Gedankenwolke.

Weihnachten steht vor der Tür und das Jahr neigt sich mal wieder dem Ende zu. Wie das manchmal so ist kreisen in dieser Zeit die Gedanken: Die einen freuen sich auf die Festzeit, die anderen fühlen sich alleine. Manch einem gehen jetzt bereits die guten Vorsätze für das neue Jahr durch den Kopf, welche am Ende sowieso nicht eingehalten werden. Wer kennt das nicht?

Ich mache mir im Normalfall keine tollen Vorsätze für das neue Jahr, da ich davon nicht viel halte. Dieses Jahr gibt es aber einen: Ich möchte mein Leben ein wenig entschleunigen. Gerade in dieser Woche ist mir klar geworden, dass ich mir selbst kaum Raum zum Durchatmen gebe. Wie manche in meinem engeren Umkreis sicher gemerkt haben, bin ich nur unterwegs. Die eine Veranstaltung hier, die nächste da. Am Besten 3 an einem Wochenende und dann noch diverse Hobbies dazwischen quetschen. Klar, das macht mir natürlich alles Spaß, aber man merkt auch wie es an der Energie zehrt und wenig Raum für meine kreativen Projekte geblieben ist. Wenig Raum dafür mich selbst zu spüren.

Aktuell befinde ich mich ein wenig in einem kreativen Tief und deshalb werde ich diese Winterzeit ganz bewusst als Auszeit von allem nutzen. Mein Plan ist es herauszufinden was mein aktueller Standpunkt im Leben ist und wohin ich will.

Es ist viel geschehen und ich fühle mich als wäre ich seit letztem Jahr ein großes Stück gewachsen. Fast so als wäre ich ein anderer Mensch. Ein neues Ich. Sicherlich mag das auch zum Teil so sein. Es gab große Veränderungen, ich habe wundervolle Persönlichkeiten kennengelernt, viel gelacht und viel geweint. Neben neuen Menschen in meinem Leben sind da auch Menschen von früher, die man aus den Augen verloren hatte und nun sehr engen Kontakt hat. Ich hatte ein persönliches Hoch, bin gefallen und wieder aufgestanden. Mit der Hilfe meiner Freunde. 

Und natürlich verändert das. Man entwickelt sich. Das ist Leben. Das ist großartig. Wenn ich darüber nachdenke was das menschliche Herz alles mitmacht, dann bin ich noch mehr verliebt in dieses Leben.

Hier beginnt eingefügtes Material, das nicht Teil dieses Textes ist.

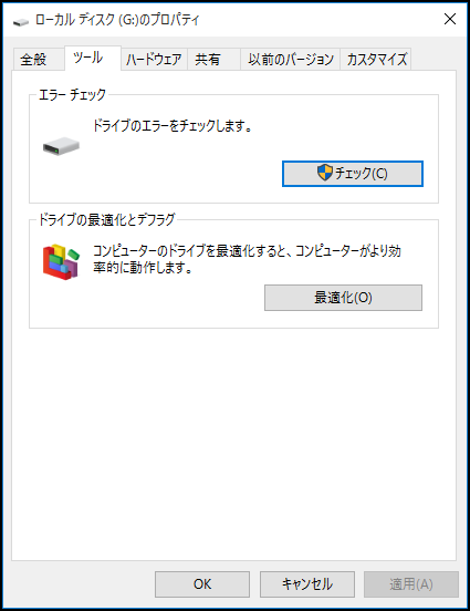 - ドライブのプロパティウィンドウで「ツール」タブをクリックし、エラーチェックの「チェック」ボタンを押します。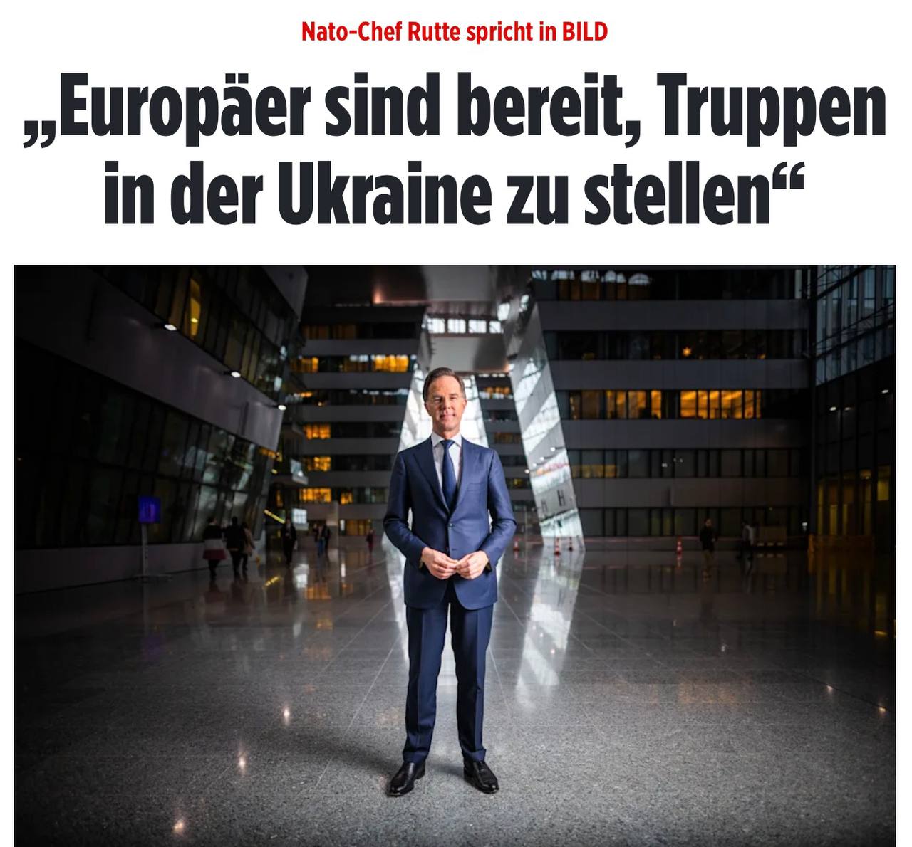 ⚡️Страны Европы готовы направить войска в Украину в случае нарушения Россией мирного соглашения, — генсек НАТО Рютте в интервью Bild.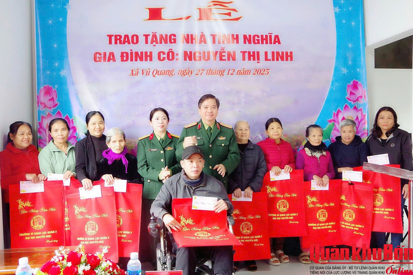 Nhân dịp kỷ niệm 81 năm Ngày thành lập Quân đội nhân dân Việt Nam (22/12/1944 - 22/12/2025) và 36 năm Ngày hội Quốc phòng toàn dân (22/12/1989 - 22/12/2025), sáng 27/12/2025, Trường Sĩ quan Lục quân 2 phối hợp với Ủy ban Mặt trận Tổ quốc xã Vũ Quang và Ban Chỉ huy Phòng thủ khu vực 2 - Vũ Quang (Bộ Chỉ huy Quân sự tỉnh Hà Tĩnh) tổ chức Lễ trao tặng nhà tình nghĩa cho gia đình bà Nguyễn Thị Linh, trú tại thôn 1, xã Vũ Quang, tỉnh Hà Tĩnh.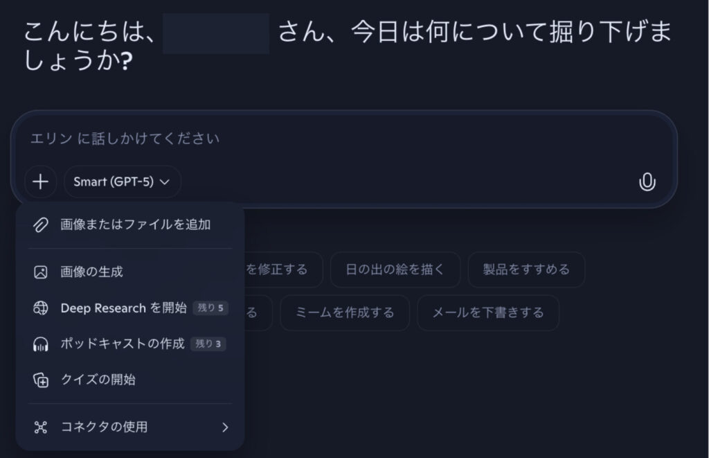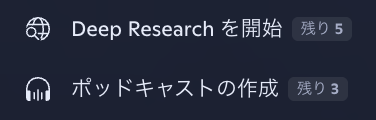 こちらではDeepResearchのタブが表示され、右側に「残り5」と、「ポッドキャストの作成」のタブの右側には「残り3」というように表示がされています。

In alle Gefühle und Emotionen, die wir empfinden können. Ich habe dieses Jahr gelernt immer mehr auf mein Bauchgefühl und mein Herz zu hören. Das war keinesfalls einfach. Dazu musste ich erst einmal hinfallen weil ich zuvor mein Bauchgefühl ignoriert habe.

Als ich die Tage mit dem Auto unterwegs war und die Wolken beobachtete, da sind bei mir viele Gedanken gekommen. In letzter Zeit fühle ich eine kleine Unruhe in Bezug auf mein Leben. Eine Art Aufbruchstimmung. Das hat irgendwann im September begonnen. Ich habe daher nach etwas gesucht, wusste aber nicht nach was. Mir sind alte Träume eingefallen, die ich nicht umgesetzt hatte. Weil ich nicht den Mut hatte aus meiner Komfortzone auszubrechen, weil ich nicht loslassen konnte. Die richtigen Menschen, die richtigen Situationen in denen ich das lernte kamen nach und nach. Einige Dinge ergaben plötzlich Sinn, die ich vorher nicht verstanden habe.

Aber ist das nicht oft so? Man versteht oft nicht warum etwas geschieht.
Es ist einfach so. Manchmal ist das richtig hart. Aber es geschieht. Und irgendwann später merkt man, dass man genau das gebraucht hat um heute eine gewisse Situation zu bewältigen.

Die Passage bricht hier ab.